Chi è stato arruolato fin dall’adolescenza per l’Apocalisse (come le generazioni del ‘68 o del ‘77, cui io stesso appartengo), di destra o di sinistra che sia (fino a quanche anno fa il termine “rivoluzione fascista” aveva un senso in qualche circolo non proprio ristretto), ha sviluppato un talento particolare per il rifiuto del principio di realtà, ma quando il Partito Comunista si è cagato in mano alla Bolognina e Fini si è messo la Kippah, è stato costretto suo malgrado ad aprire gli occhi. Nessuna delle ideologie rivoluzionarie che hanno le loro radici nell’Ottocento, si è dimostrata in grado di emendare la modernità dal suo effetto secondario di inarrestabile desertificazione del Valore, nè sospingendola al suo apogeo democratico, nè provando a ritrascinarla verso la comunità organica.
Gli orfani del progressismo o della reazione, una volta nuovamente urbanizzati, hanno dimostrato una sciatteria e un cinismo che non si vedevano in Italia dai tempi del Basso Impero, il che non si può spiegare solo con la scarsa qualità dei professionisti della politica, o con l’incertezza concettuale delle filosofie residue. In un momento in cui la coscienza diffusa appare esasperata proprio dalla politica di basso profilo e dal nichilismo ingenuo delle giovani generazioni, gli intellettuali sembrano inamovibili dall’accidia darwinista e liberale che sbarra la porta a qualsiasi ipotesi di autentica salvezza per l’uomo. Marx, Darwin, Freud, sono serviti a costruire la prigione del pensiero e la paralisi dell’azione: anche un cieco vedrebbe che per liberarsene occorre tornare a chi ancora sentiva la grandezza dell’uomo, Dante e Shakespeare, Manzoni e Leopardi, non alla loro lettera intendo, ma al loro sentire. Ma gli orfani del progressismo insistono a rovistare tra le macerie. E non sarà certo il linguaggio controriformistico dell’attuale pastorale cattolica, a convertirli. Qui la grandezza dell’uomo appare stancamente tutelata da formule spesso inapplicabili, e soprattutto da un esercito di amministratori tra le cui file spuntano ben pochi eroi del pensiero o dell’azione: il massimo che si permette il cattolico moderato, è la mistica del prodotto interno lordo di Silvio Berlusconi.
Così l’intellettuale italico va avanti come può, con quel poco o tanto di innamoramenti universitari che la scolorina del Terzo Millennio non è riuscita a coprire, agitando Benjamin o Del Noce come le bandierine sulla portarei. Se sono insegnanti (e la maggior parte dei nuovi chierici lo siamo), si limitano a deprecare la deprivazione culturale delle generazioni televisive, ormai aliene allo sviluppo lineare e alla contestualizzazione che il libro impone, senza fingere di asppassionarsi alle nuove richieste che giungono dal fanciullo tecno-tribale. Se avessero letto McLuhan, come dicono di aver letto all’Università, avrebbero i sandali calzati e le lucerne accese da tempo, per diventare non gli amministratori di un patrimonio ormai dilapidato, ma gli sciamani di un culto da perpetuare, quello del libro, prima di Fahrenheit 451. Ma non si può più fare senza vera fede nello Spirito che buca e attraversa i media, e senza una forte connotazione emotiva: non basta dichiarare, occorre celebrare.
Ovunque io guardi è piuttosto accidia. Più che la crudeltà, più che l’avidità insaziabile che presuppongono almeno una vitalità elementare, l’accidia, è il tossico per eccellenza dell’anima.

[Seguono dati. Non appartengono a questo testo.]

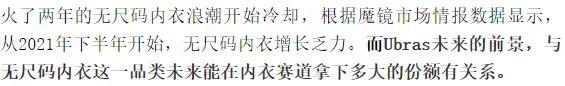 随着电商经济的发展与消费者线上购买渗透率的走高,网生新内衣品牌相继出现,依附线上营销走向他们对标的精准人群;在行业内集中度低的传统内衣市场中,新型内衣品牌群体入场。“内衣自由”成为必经之路,踏上这条路的新型内衣品牌借势打入市场。这其中,Ubras与蕉内业绩最为强劲。推波助澜促进的业务迅猛增长,让敏感的资本嗅到增长背后的巨大商机,Ubras于近日完成数亿元B+轮融资,由红杉资本中国基金领投,今日资本跟投。本轮融资将主要用于产品研发、供应链端升级、消费者购物体验优化等方面。此情此景在如今的中国被无数次上演,有品牌高光时刻的昙花一现,更多则是被吞没在时间的河流之中。从2020年起,内衣的营销概念在近几年发生剧烈变化,一票新消费内衣品牌打着对女性身体的正面认知与“点状胶膜技术”撑起半边天,技术打下无尺码内衣的出现为中国内衣市场洗牌,仅仅两年时间,这股热浪就迎来退潮。Ubras的无尺码内衣的崛起,曾摆脱传统内衣对线下零售试穿的依赖,适应了线上消费场景,不用选尺码就能下单的Ubras,无疑是多数内衣品牌中,购买决策链路最短的。借此,Ubras仅用1年就登顶2020年双11天猫内衣销量榜,年销售额突破15亿元。 无尺码内衣无法在技术应用上实现持续的革新,无尺码内衣在产品形态上过于追求“悦己”“舒适”的表达,忽视消费者对于 “聚拢”“防下垂”等技术层面的需求。此前,关于无尺码内衣的研究报告指出,超弹面料和点状粘合技术存在明显缺陷,如牺牲承托力、面料依靠弹性贴合用户胸部等,易造成小胸的空杯、大胸压胸和承托力不足、胸型不够美观等问题。无尺码内衣市场存在天花板,款式升级空间不大,用材和塑形等方面存在空间,软支撑、软钢圈仍是市场主流。追逐流量,砸钱营销,确实能够让一个品牌从0跑起来,但是决定能走多远的,是产品能否成就品牌。根据艾瑞咨询发布《内衣研究报告》显示,收副乳、防下垂以及聚拢提升等传统功能仍然是消费者选购内衣产品时的重要因素之一,在未来,内衣消费需求将是功能性与舒适性、美观性并存的。长久以来,由Ubras带起的无尺码内衣将一个尺寸适用于所有女性的内衣需求加强,而实际上并未真正做到“尺码”自由,反而让消费者在穿搭无尺码的过程中发现自身对内衣选择的“细分”需求与“场景”需求。日趋多元的需求催生出诸多垂直细分化的内衣品类,细分类目之间面向的人群和场景各自独立。从报告来看,以功能性“聚拢、防下垂”兼具舒适性“无痕、不透”的需求依旧强烈,因而,相较于推出一款“万金油”产品,不如静下心来研究如何在产品上做到做到最大程度在设计中满足人体工学,在精准痛点中吸引精准人群,建立精准圈层,通过该圈层不断增加消费者认同。诺贝尔经济学奖获得者赫伯特·西蒙 当今时代互联网的演变,加快推进了信息来源的多样化与去中心化。“随着信息的发展,有价值的不是信息,而是注意力。”渠道与平台的红利已消失,只有优质内容才能留住消费者。对此,由以往KOL所主打的单点带动多点的营销消费已经不能再说服常常在互联网上冲浪的消费者。过量的营销内容充斥着整个平台,他们引导大众消费,甚至无意识上瘾。过多的单点红人营销会为用户带来“反感”情绪,如今的消费者,需更多程度参与到品牌心智的建立中,与品牌共创故事,在共创的过程中寻找价值与情感链接。自2020年起,内外以“NO BODY IS NOBODY”开启女性自我认同的相关探讨时便赢得关注,从“没有一种身材,是微不足道的”到第二年的“微而足道,无分你我”,基于品牌所涉及的女性话题进行再诠释而导致热度持续升级,今年,以“身心之路,见微知著”的主题细腻呈现女性群体身上独特的力量与勇气,记录女性觉醒与成长的全过程。内容与故事的独特性,是新消费品牌在竞争下半场吸引用户的重要出口。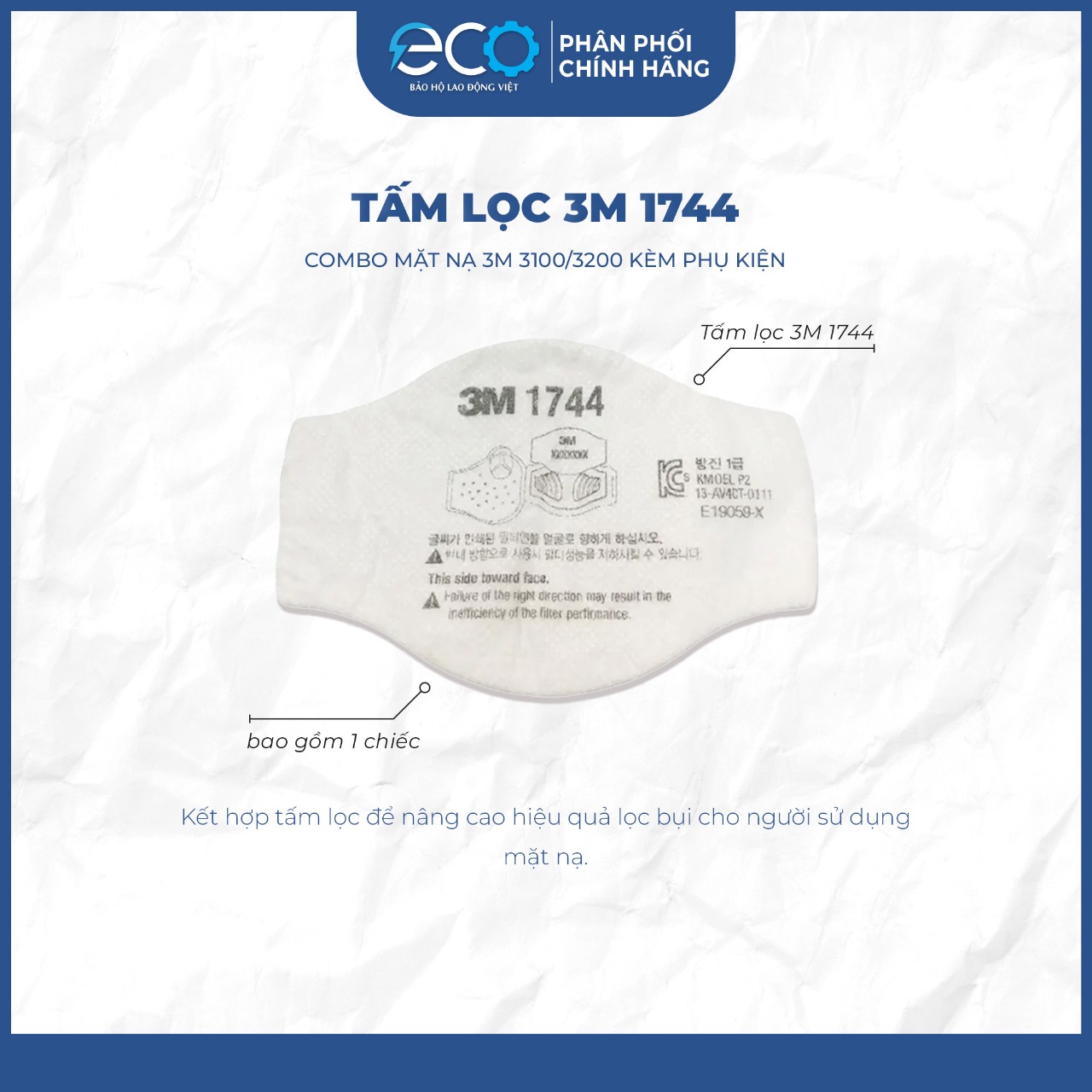 - Quy Cách Đóng Gói: 1 Cái (không phin lọc) Tấm lọc 3M 1744 Tấm lọc bụi 3M 1744 giúp lọc sạch các loại bụi, khói hàn, hơi hữu cơ hiệu quả, được làm bằng sợi không dệt, màng lọc tĩnh điện, có khả năng lọc được các hạt bụi có kích cỡ từ 0,3µm. Khi làm việc trong môi trường có chứa nhiều bụi bẩn, công nhân cần được trang bị một chiếc mặt nạ để bảo vệ hô hấp. Mặt nạ cần được sử dụng kết hợp với phin lọc và tấm lọc để tăng hiệu quả lọc bụi. ️ Thông tin sản phẩm Tấm lọc bụi 3M 1744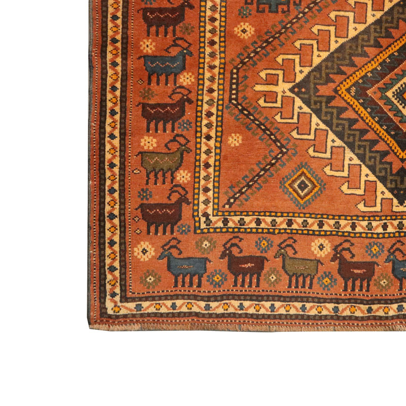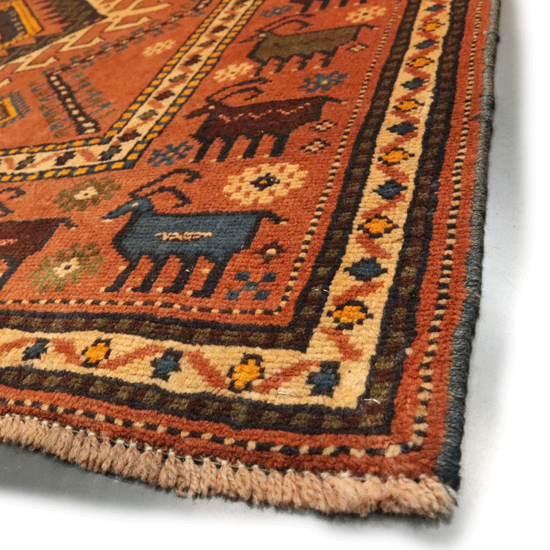 فرش دسبافت کردی قوچان با رنگ متن لاکی و حاشیه کرم و ضخامت 3 میلی و از تار و پود آن از جنس پشم .

L’accidia, scrive Giorgio Agamben “è questo disperato sprofondare nell’abisso che si spalanca fra il desiderio e il suo inafferrabile oggetto” (Stanze, Einaudi), ma il motivo di questo innaturale ritrarsi dell’anima davanti a ciò che è percepito come il bene, lo spiega Tommaso d’Aquino “la sua è la perversione di una volontà che vuole l’oggetto, ma non la via che vi conduce e insieme desidera e sbarra la strada al proprio desiderio” (Summa theologica, II 2-35).
Inutile verbosità, indeterminatezza morale, disprezzo per la fiducia concessa dai semplici di cuore, cinismo, relativismo ostinato, miopia empiristica. il determinismo che impedisce di premiare o punire, il materialismo che riduce il bello al piacevole. Tutto questo ha un solo nome: accidia. Il rifiuto della conversione del cuore, la contemplazione malsana del declino, l’odio per tutto ciò che è grande o ad altri almeno appare. Il peccato contro lo Spirito. L’unico che – sta scritto – non sarà perdonato, perchè consiste precisamente nel rifiuto del perdono.

21 Commenti »

  1. L’ultimo libro di Umberto Galimberti secondo me rientra nella categoria.

    Commento di biz — Giugno 2, 2008 @ 1:29 pm | Replica

  2. Binaghi, siamo alla fase due?
    Dopo aver lanciato il suo personale indice dei libri (nel quale a volte e solo per gioco potrei anche riconoscermi) decide di decretare definitivamente e totalmente come spazzatura responsabile – “… Marx, Darwin, Freud” (ma, immagino, anche Voltaire, Rousseau, Diderot…) – della deriva post-capitalista che lei definisce come “…modernità dal suo effetto secondario di inarrestabile desertificazione del Valore”.
    Fantasie a parte (parlo di realtà), non mi pare che la chiesa abbia mai dato un contributo per dirigere la modernità verso percorsi migliori di quelli che descrive. Terminati gli ultimi roghi in Portogallo nell’800 si è tranquillamente adagiata a convivere, quando non a sostenere, qualsivoglia regime. La corazzata economico-finanziaria di Don Giussani (giusto per citarne uno degli esempi di attività “compromesse”, o parliamo del Banco Ambrosiano?) ne è (a mio parere, certo) esempio lampante. L’alzata di scudi arriva solo laddove la sua autorità, nei termini di portatrice della verità assoluta, viene attaccata. Che l’attacco provenga dalla scienza piuttosto che da altre religioni ha poca importanza. Vien da se’ che parlo della sua parte autoritativa, ovvero parlo in termini generali; i singoli, espressioni di parti critiche o autenticamente dialettiche, purtroppo incidono poco.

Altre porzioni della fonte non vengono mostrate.